Jim Fenwick

Biographical details
- Born: c. 1952 Pocatello, Idaho, U.S.
- Died: February 17, 2022 (aged 69–70)

Playing career
- 1970–1971: Pierce
- 1972–1973: Wichita State
- Position: Tailback

Coaching career (HC unless noted)
- 1974–1975: Pierce (OC)
- 1976–1980: Pierce (DC)
- 1981–1985: Pierce
- 1986: Cal State Northridge (ST/RB)
- 1987: Los Angeles Valley (OC)
- 1988: Miami (OH) (RB)
- 1989: Miami (OH) (co-OL)
- 1990: Pacific (CA) (RB)
- 1991–1996: Los Angeles Valley
- 1997: Cal State Northridge
- 1998–1999: New Mexico (OC)
- 2000–2001: Eastern Oregon (OC)
- 2002–2003: Eastern Oregon
- 2005: Eastern Oregon
- 2006–2008: Occidental (OC)
- 2009–2012: Los Angeles Valley

Administrative career (AD unless noted)
- 2012–2020: Los Angeles Valley

Head coaching record
- Overall: 15–26 (college) 99–57–1 (junior college)
- Bowls: 5–2 (junior college)

Accomplishments and honors

Championships
- 3 Southern California Conference (1983–1985) 2 WSC Southern Division (1995–1996)

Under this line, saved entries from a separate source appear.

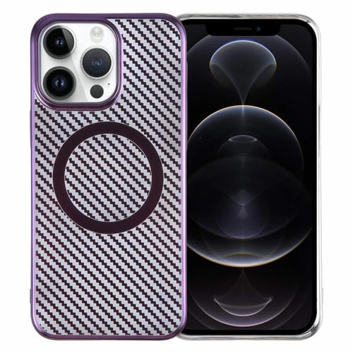 Caja de Teléfono para iPhone 12 Pro PC Magsafe Transparente Fibra de Carbono (Aurora Purple)
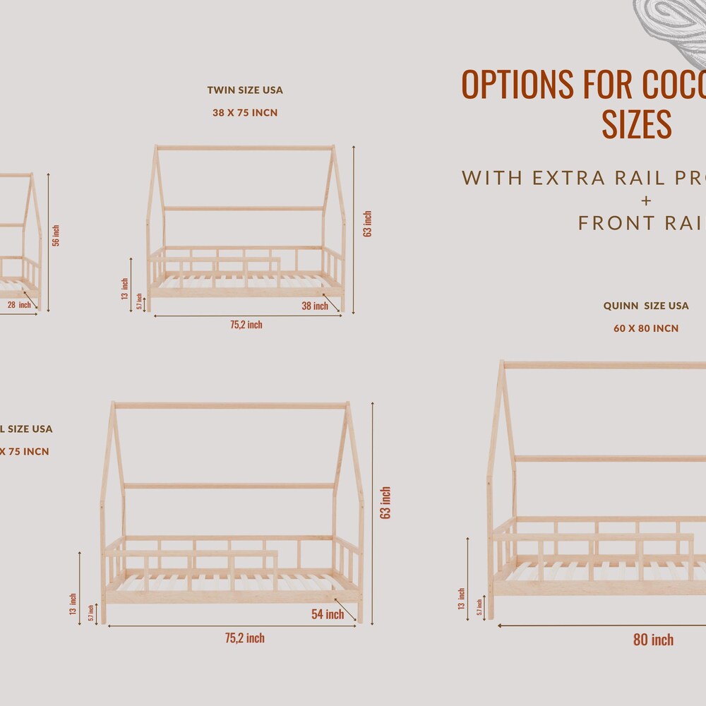 | Bed rails +slats + canopy | Crib 52 x 27.5 in, Twin 75 x 38 in, Full 75 x 53 in, Queen 80 x 60 in |
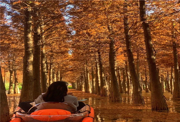 泛舟森林,充滿(mǎn)了詩(shī)情畫(huà)意。夏季水波蕩漾,寂靜清幽,到了秋冬就換上紅妝變了副模樣。
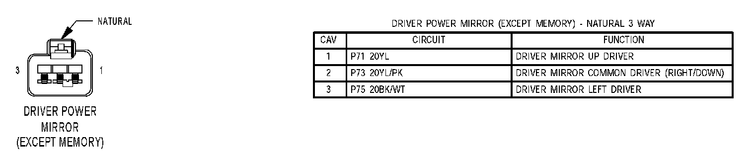 Driver Power Mirror (Except Memory):
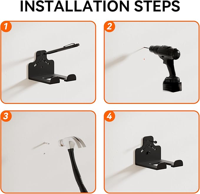 - Multi-Purpose & Space Saving: Garden power tool hanger for multiuse can hold up to various tools in your garage or yard, like shovels rakes, brooms, mops, drills, sports equipment, hoses, cables, cord and so on
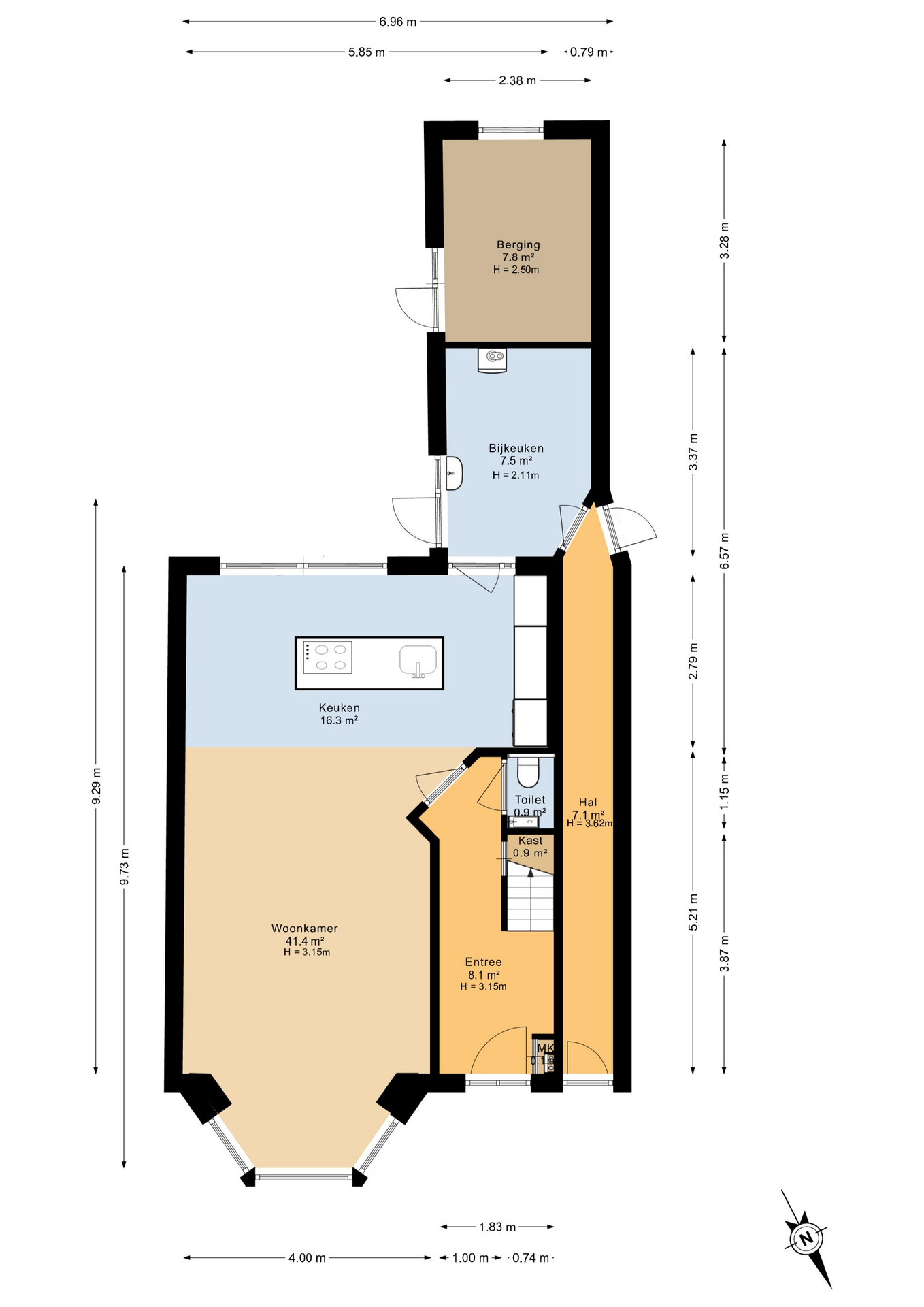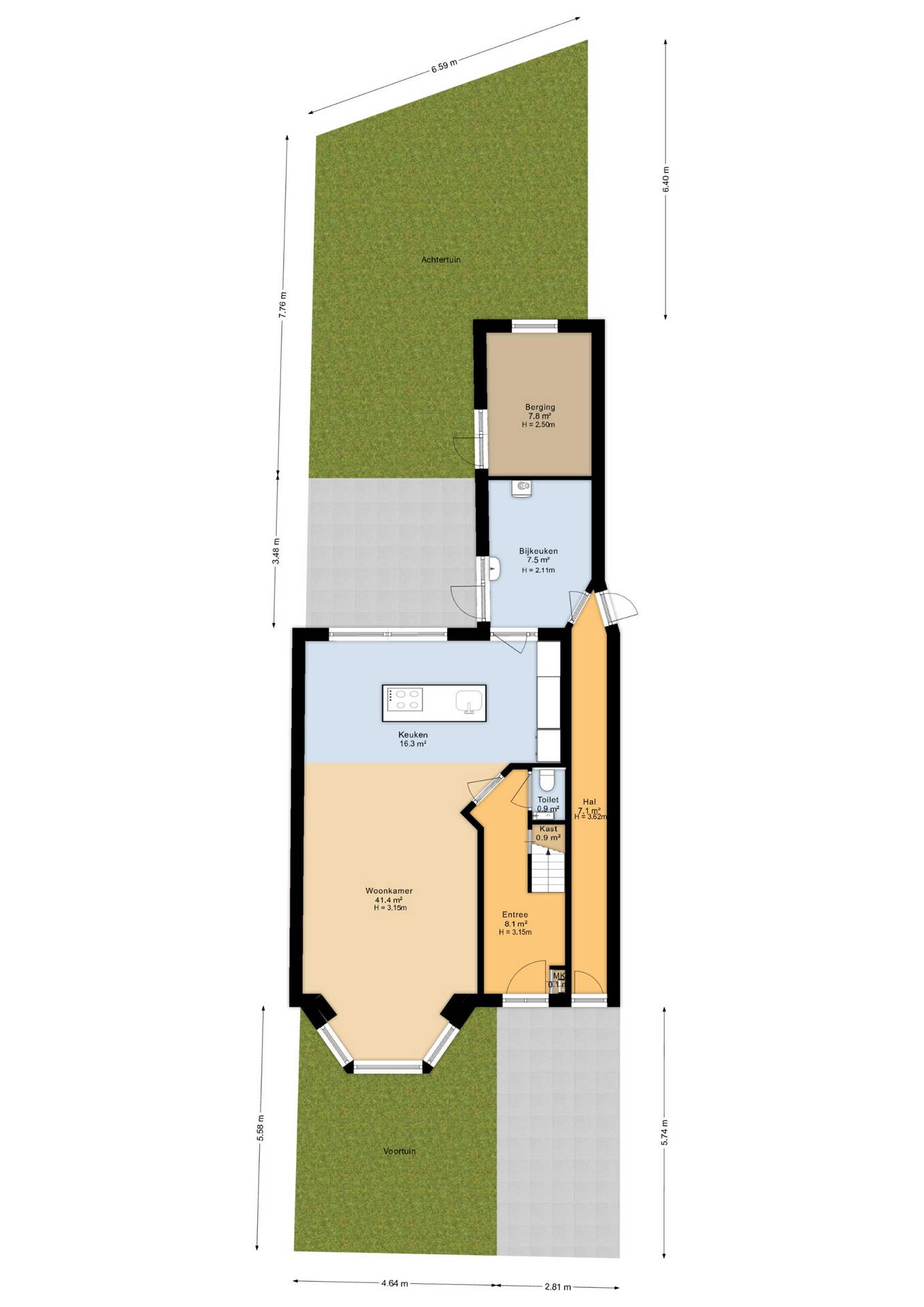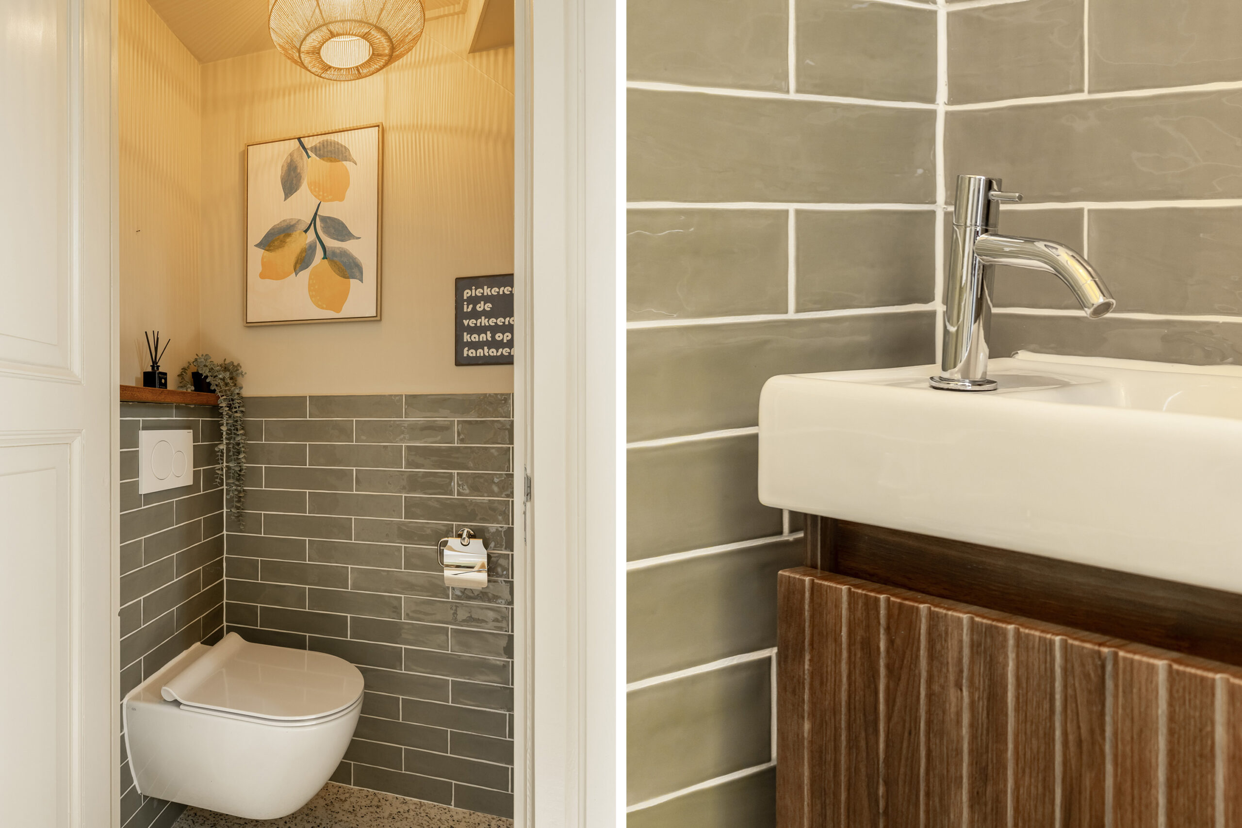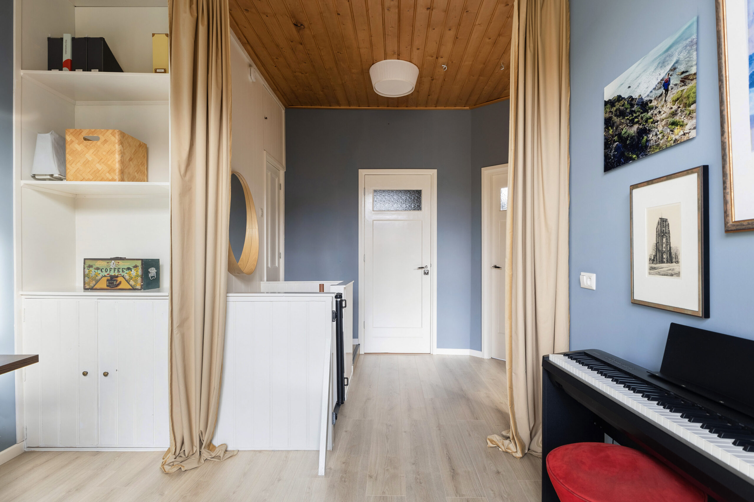 Entree in de ruime hal met de trap opgang en het moderne toilet. Rechts van de entree is een overdekte steeg welke gezamenlijk is met de buren aan de rechterkant. De woonkamer heeft een sfeervolle erker aan de straatzijde en aan de achterzijde, in de keuken, is er een schuifpui naar de achtertuin.
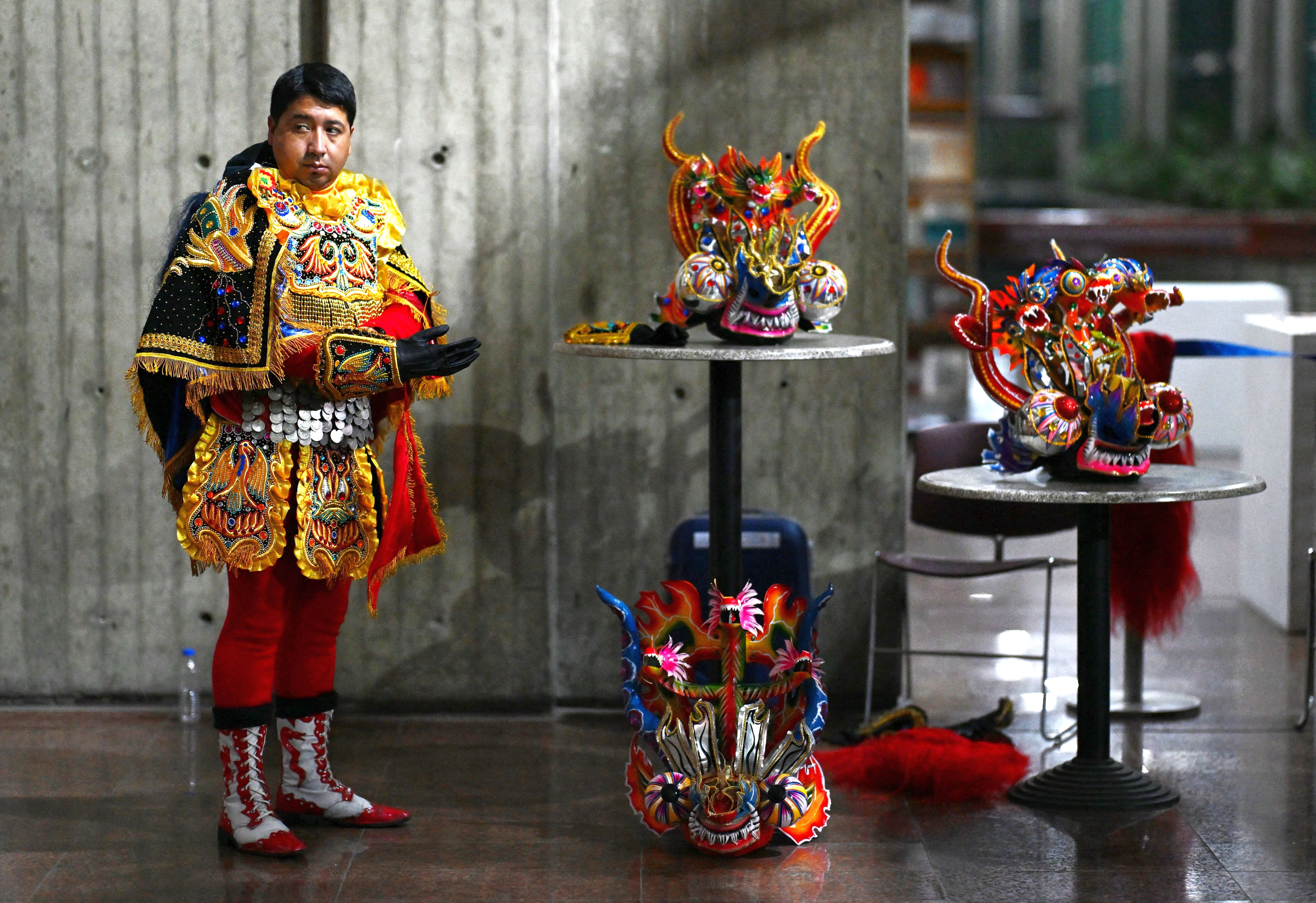 A dancer from Bolivia's La Diablada de Oruro prepares before performing during the Viva Venezuela World Festival in Caracas on May 13, 2024. (Photo by Juan Barreto/AFP Photo)
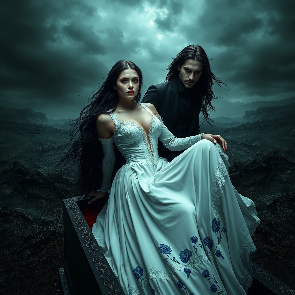 The scene unfolds against a wide, panoramic view of a dark, menacing landscape. At the center, a female vampire rises gracefully from a coffin, her eyes burning with an unsettling, otherworldly intensity. Her skin, a spectral shade of pale, hints at a supernatural essence. Her dark hair cascades down her back, streaked with glimmers that catch the sparse light. She is clad in a long, flowing white gown, adorned with a delicate pattern of blue flowers embroidered along the hem and sleeves. The dress bears hints of tatters, with threads shimmering subtly here and there. Her lips are a striking, rich red, slightly parted to reveal sharp, pointed incisors. A faint crimson glow highlights the corners of her mouth, accompanied by her eyes that shine with a fierce, insatiable hunger. Positioned behind her stands a male vampire, exuding the same intense allure. His skin is equally pale, whispering of his uncanny origins. His long, flowing hair, interspersed with shimmering highlights, complements his dark, enveloping cloak. The cloak, a deep red, features an intricate design along the edges and sleeves, and also bears signs of wear, with ephemeral threads catching the light intermittently. His lips mirror the deep red shade, parted just enough to display his menacing fangs. His mouth, too, is traced with that slight crimson glow, while his eyes hunger in tandem with the female's. To the left, dark, contorted trees stretch towards the turbulent sky, their branches clawing like skeletal fingers. The stormy sky serves as a backdrop, with clouds twisting and swirling ominously. On the right, the open coffin, crafted with intricate wooden carvings, reveals a mysterious gloomy interior lined with a luxurious, soft white material, possibly silk or satin. The entire atmosphere of this haunting image brims with eerie suspense, foreboding the unfolding of an eerie mystical event.
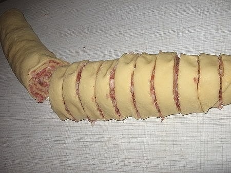 Скручиваем в трубочку и нарезаем на кусочки по 1 см.
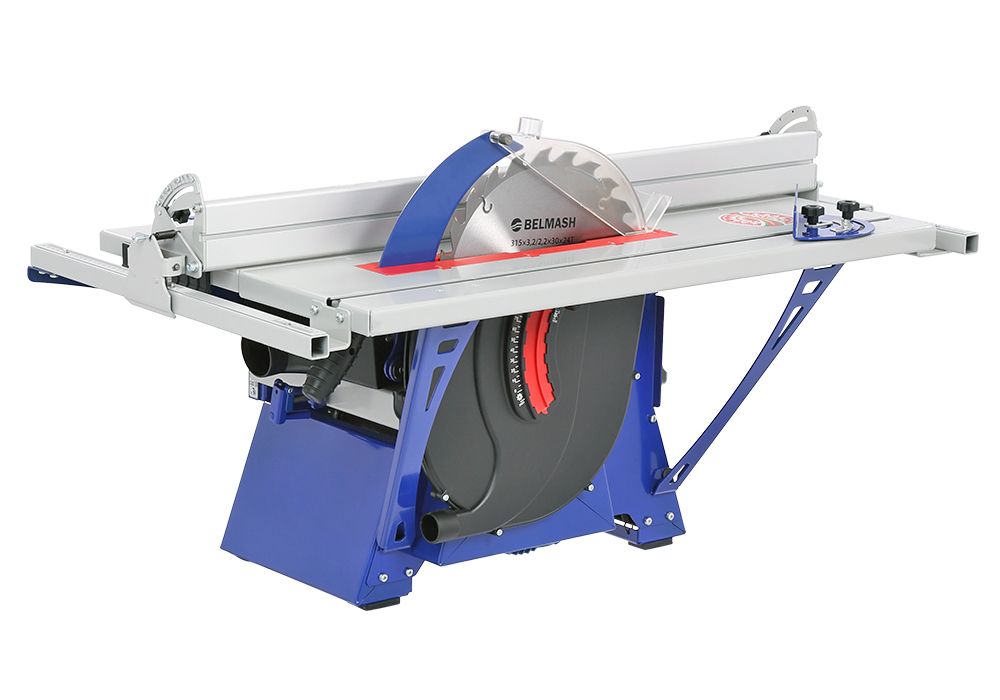 Пильный узел станка рассчитан на установку дисков диаметром 315 мм, что позволяет распускать заготовки до 117 мм высотой. Столы (пильный и строгальные) при этом образуют единую рабочую достаточно большую поверхность. Настройка высоты пропила происходит за счет изменения положения режущего инструмента. Кроме пильных дисков можно устанавливать дисковые фрезы диаметром 125 мм, шириной до 10 мм.

= Jim Fenwick (American football) =

American football coach (1952–2022)

James Fenwick (c. 1952 – February 17, 2022) was an American college football coach. He was the head football coach for Pierce College from 1981 to 1985, Los Angeles Valley College from 1991 to 1996 and 2009 and 2012, California State University, Northridge, in 1997, and Eastern Oregon University from 2002 to 2003 and in 2005.

==Playing career==
Fenwick played college football for Pierce and Wichita State as a tailback.

==Coaching career==
In 1974, Fenwick began his coaching career as the offensive coordinator for his alma mater, Pierce. After two seasons he transitioned to the role of defensive coordinator. In 1981, he was promoted to head football coach for the Brahmas. After a 2–8 season in 1982, Fenwick briefly accepted a coaching job at El Camino College but decided to remain at Pierce. He led the Brahmas to three consecutive Southern California Conference championships from 1983 to 1985.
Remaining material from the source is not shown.